======== Records provided ========
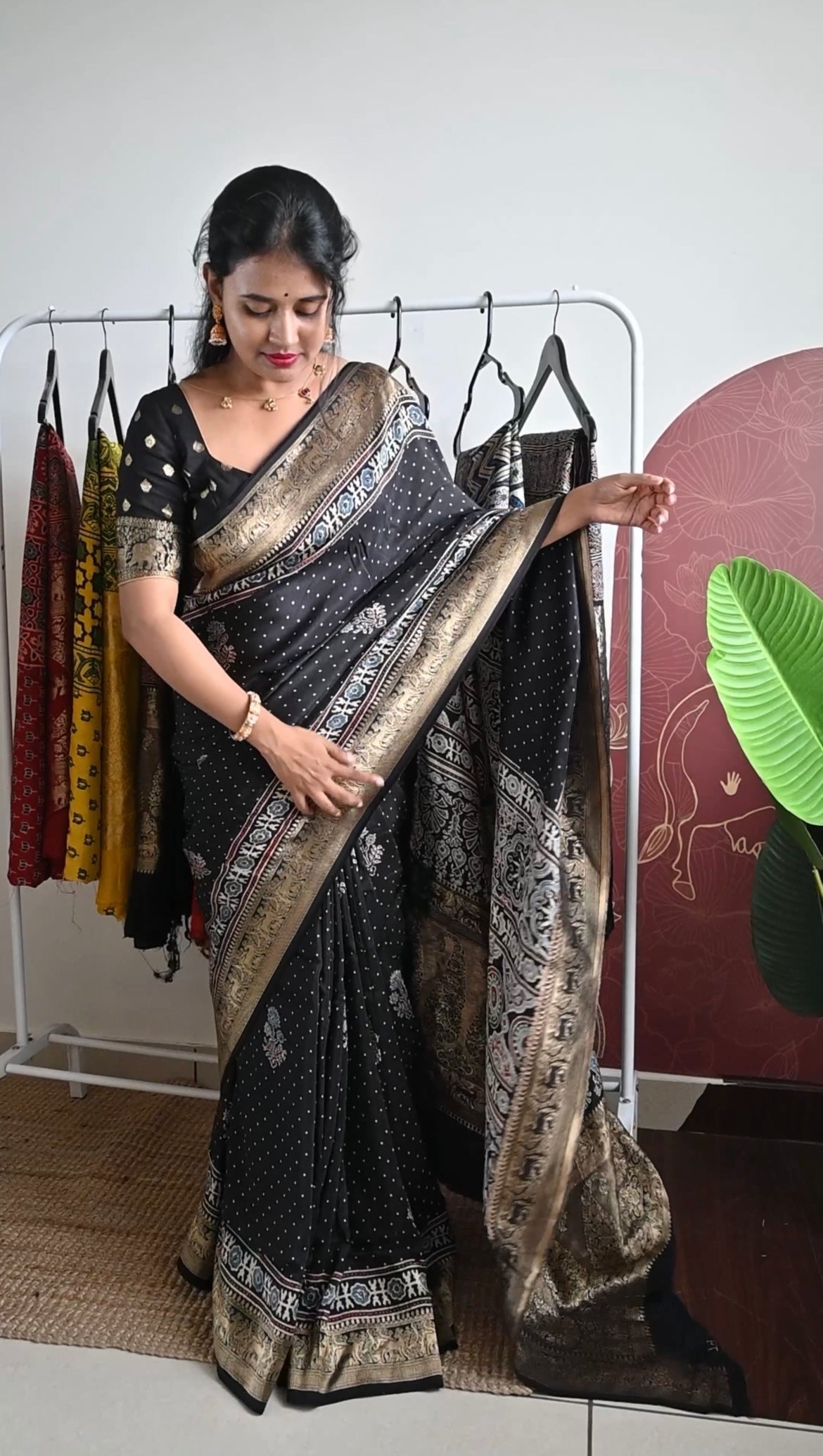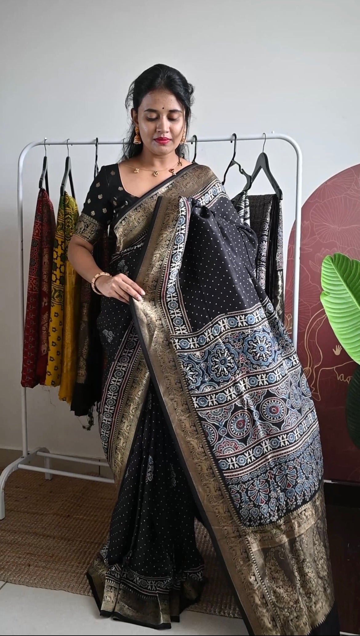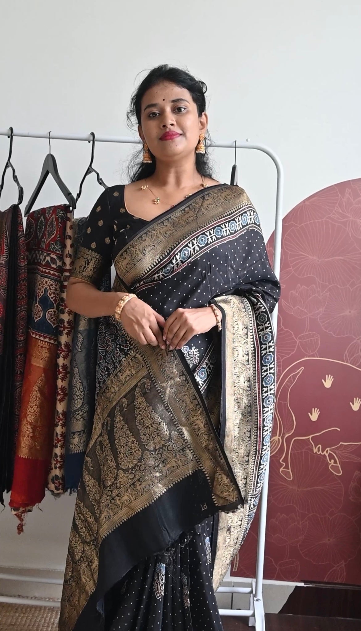 Premium hand block Dola silk saree
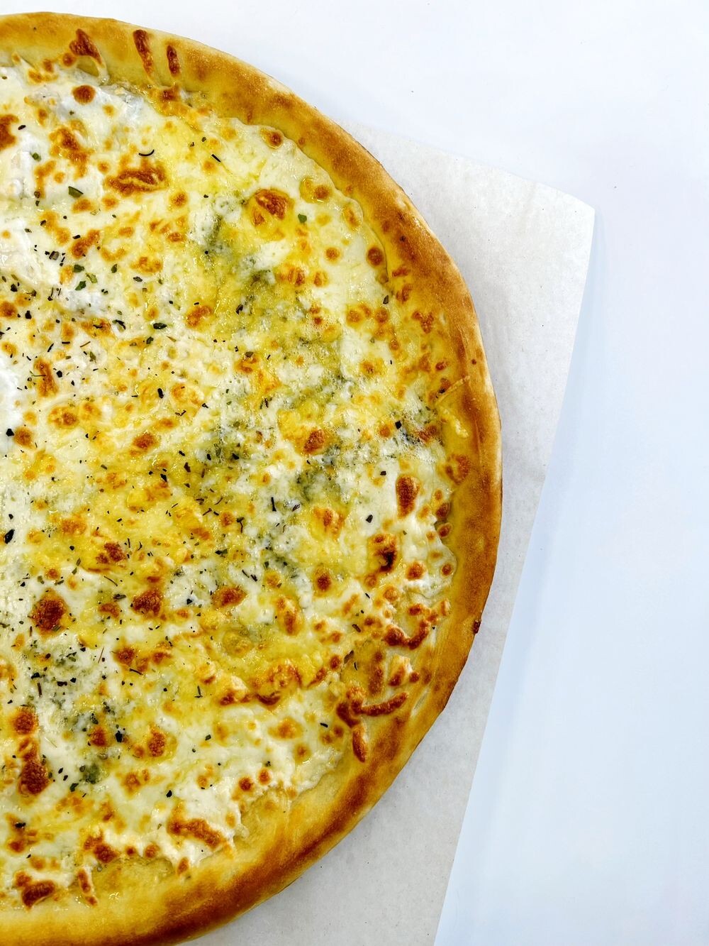Состав: тесто, фирменный соус, сыр Моцарелла, сыр Мраморный, сыр Мон Блю, сыр Пармезан.
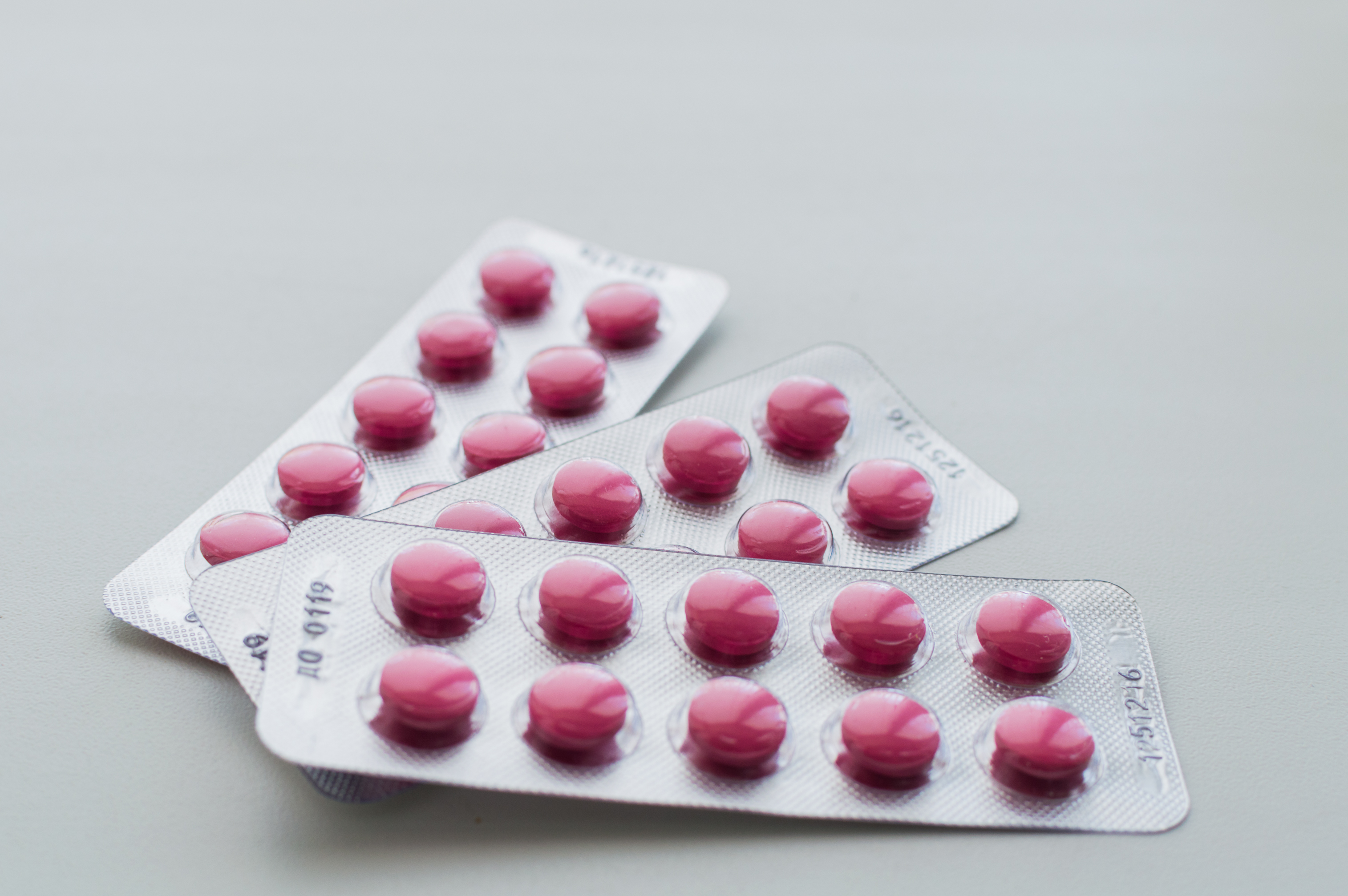 Таблетки имеют округлую форму и глянцевую поверхность, отражающую свет, что придает им вид гладких, отполированных драже. Их насыщенный розовый цвет контрастирует с холодным, приглушенным фоном, делая основной объект съемки выразительным и привлекающим внимание. Фокус изображения сосредоточен на таблетках и упаковках, в то время как фон размыт, что подчеркивает детали медикаментов.
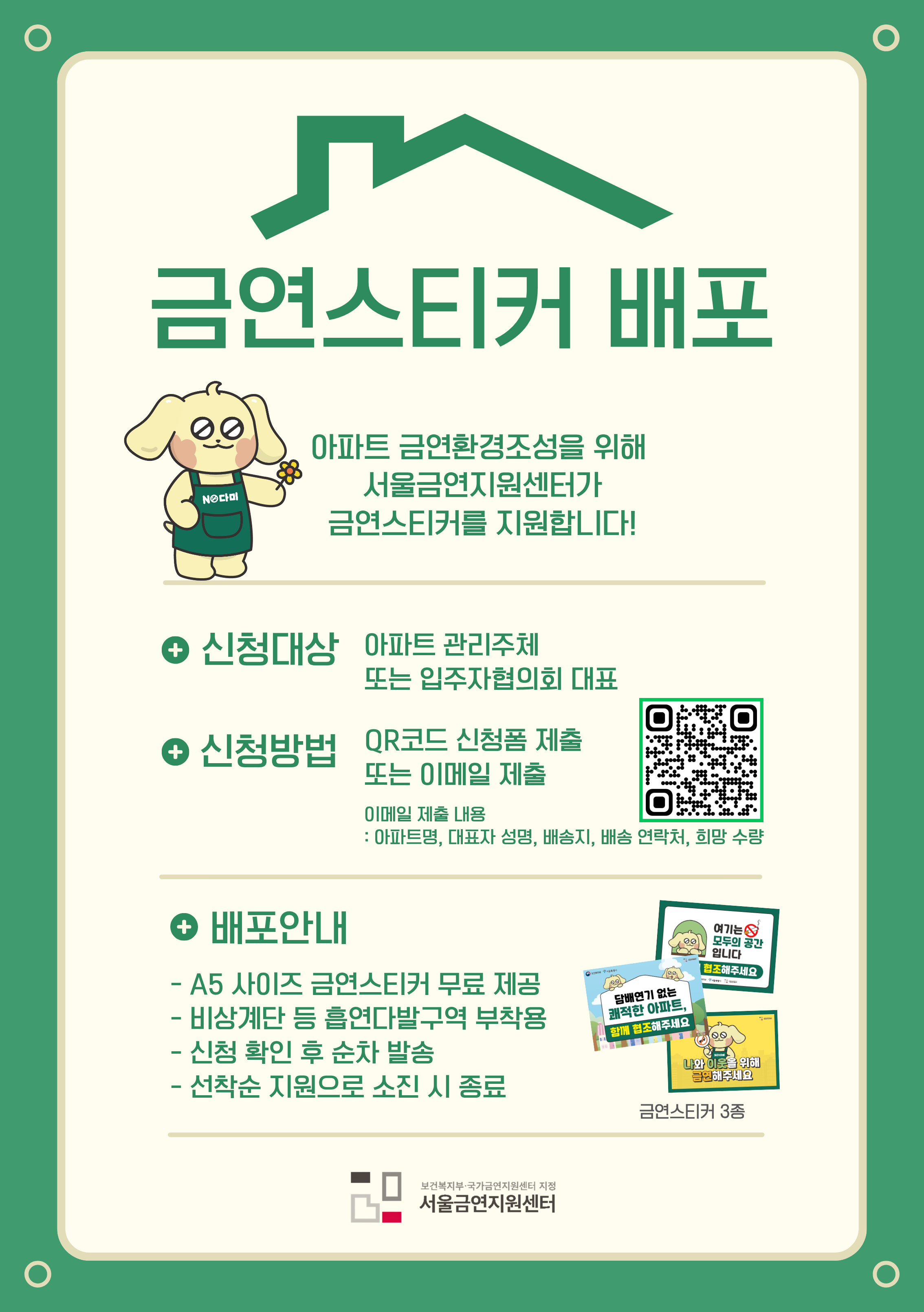 서울금연지원센터에서 공동주택 내 간접흡연 피해를 예방하고 금연문화를 조성하고자 금연스티커를 지원합니다.
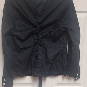 This is 2 sexy! This black top is buttoned down in the front & ties in the back. Never Worn blouse; its new without tags.
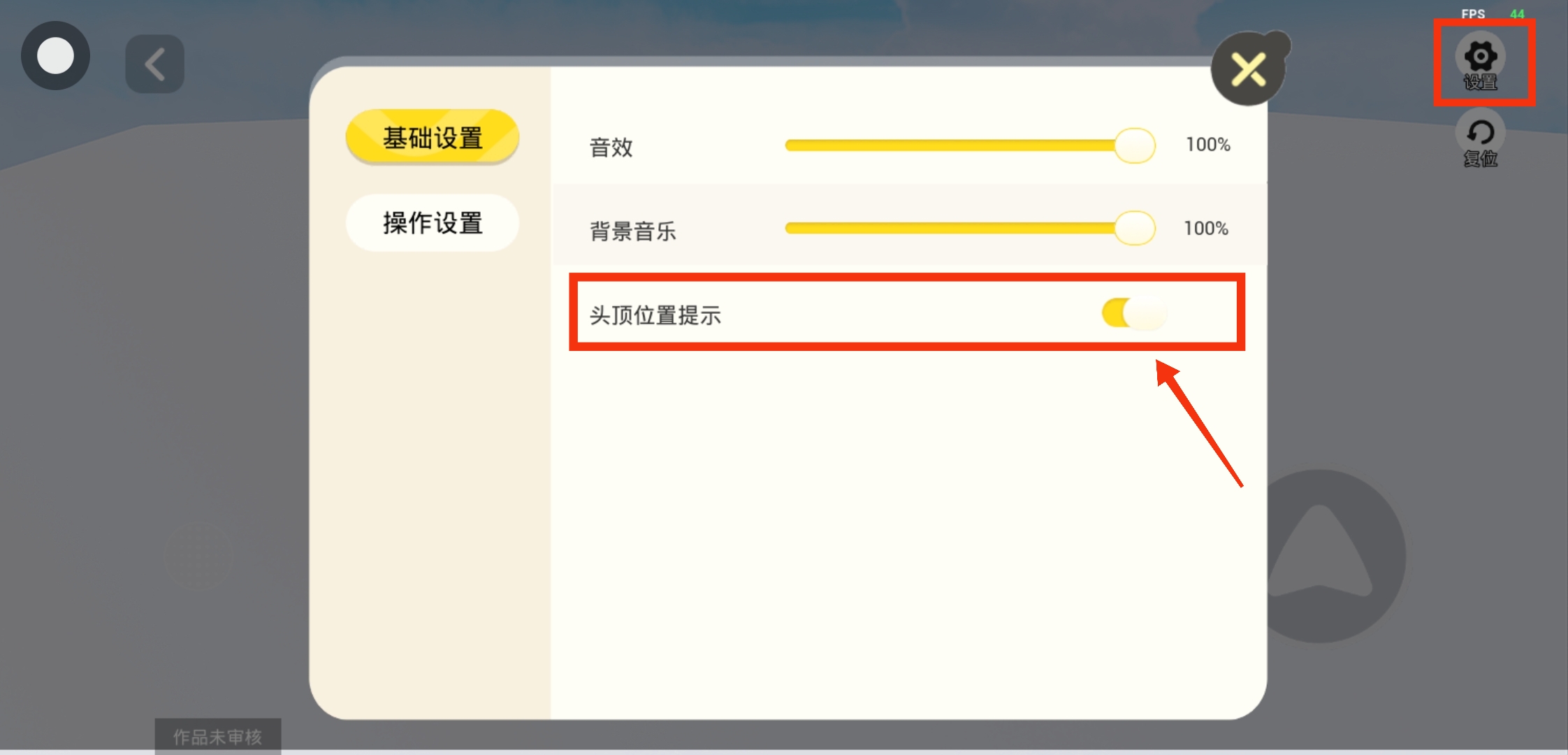在试玩或游玩时,可以在右上方【设置】-【基础设置】,选择是否关闭头顶位置提示哦~
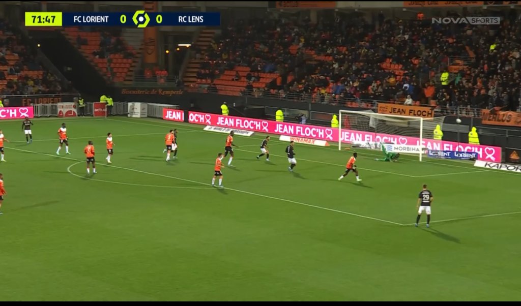 Οι φιλοξενούμενοι είχαν και δοκάρι στο 47’ με καταπληκτικό σουτ του Σοτοκά στο 47’, από απόσταση 35 μέτρων. Η Λοριάν προτίμησε να κλειστεί στην άμυνα και να προστατεύσει την περιοχή της. Δεν απείλησε ιδιαίτερα την εστία του Σαμπά, αν και στο 66’ σημείωσε γκολ με κεφαλιά του Κρουπί, το οποίο ορθώς ακυρώθηκε με τον σκόρερ σε θέση οφσάιντ. Πλέον, στη Λανς στρέφουν την προσοχή τους στο ματς με την Αϊντχόφεν, για το Champions League, όπου, με νίκη, η γαλλική ομάδα εξασφαλίζει πρόκριση.
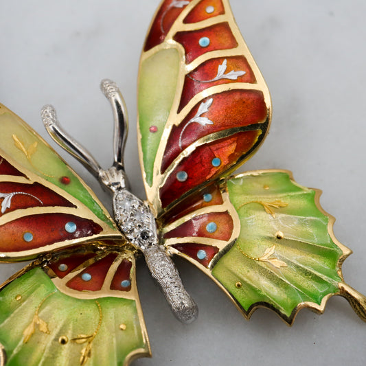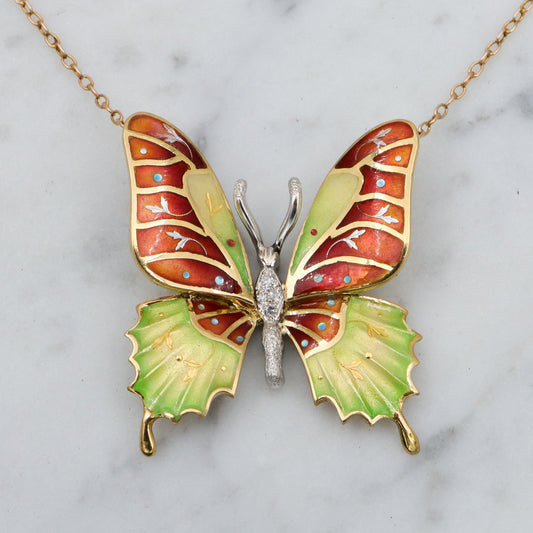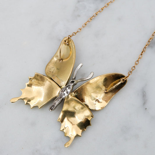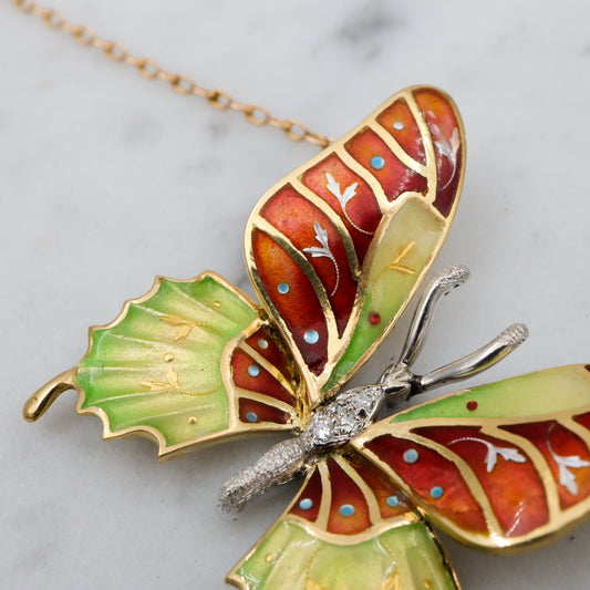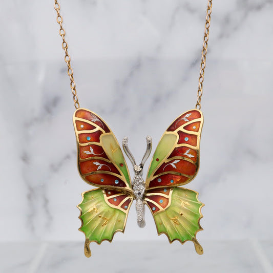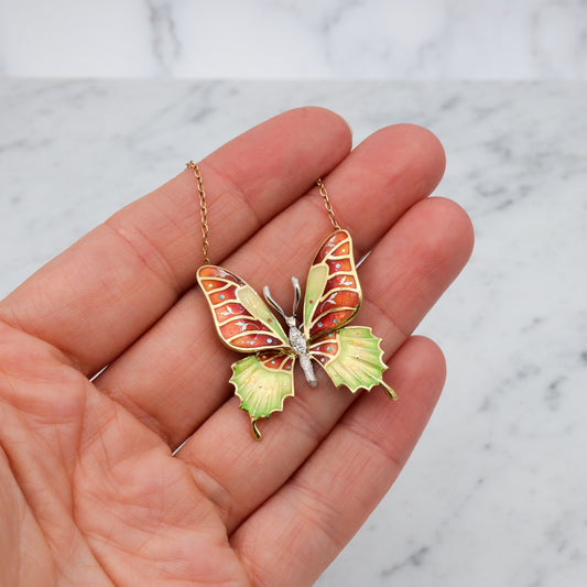 Antique 14k gold enamel & diamond butterfly pendant necklace
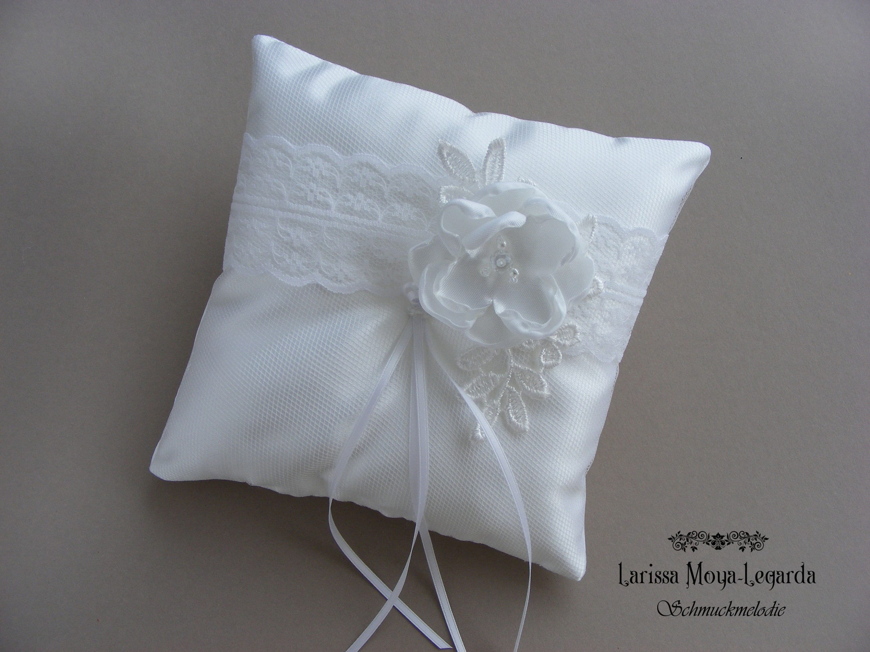 Wunderschönes Ringkissen für den großen Tag! Aus hochwertigem Satin und Polyesterband - zart und elegant. Mit liebevoller Bestickung, Spitze und Blumen-Verzierungen. Maße 20x20cm - handlich aber auffällig. In reinem Weiß - passt zu jedem Hochzeitsstil. Perfekt für Trauringe, aber auch für anderen Schmuck. Schafft eine romantische Atmosphäre bei der Trauung. Auch toll für Verlobungen oder Jubiläen. Ein besonderes Geschenk für Brautpaare - mit persönlicher Note. Macht die Ringübergabe zu einem unvergesslichen Moment. Einfach schön!
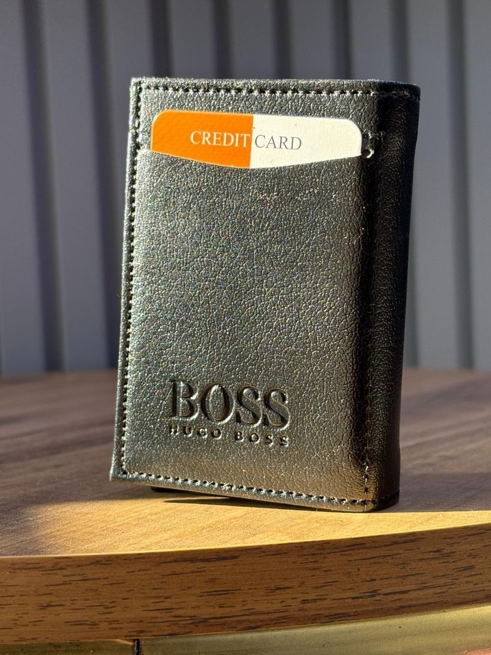 Hugo Boss erkek cüzdanı, baskılı gri ve kahverengi tasarıma sahip olup kredi kartı için bir yuva içerir. Sokak stili ile işlevselliği birleştirir.
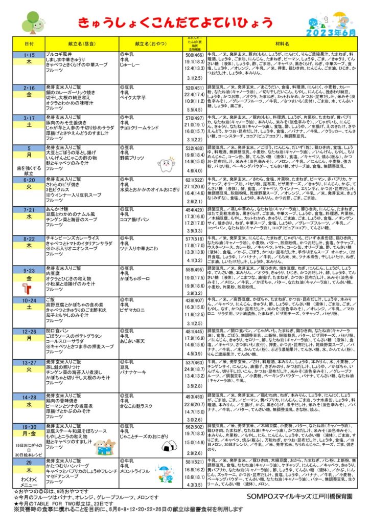 2023年6月の給食献立をお知らせ致します。
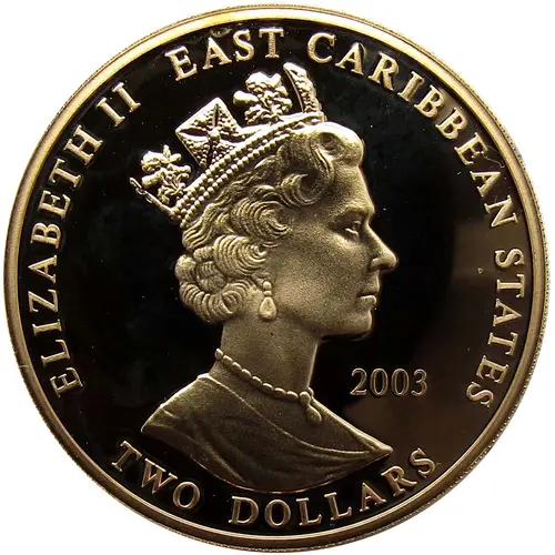 | Opis líce | ELIZABETH II EAST CARIBBEAN STATES 2003 RDM TWO DOLLARS |
========
What to work on
With the pictures excluded, the line containing "Hugo Boss erkek" and every line after it through the end of the data above are to be transcribed exactly, and nothing more.

Problem solution
 Hugo Boss erkek cüzdanı, baskılı gri ve kahverengi tasarıma sahip olup kredi kartı için bir yuva içerir. Sokak stili ile işlevselliği birleştirir.
 2023年6月の給食献立をお知らせ致します。
 | Opis líce | ELIZABETH II EAST CARIBBEAN STATES 2003 RDM TWO DOLLARS |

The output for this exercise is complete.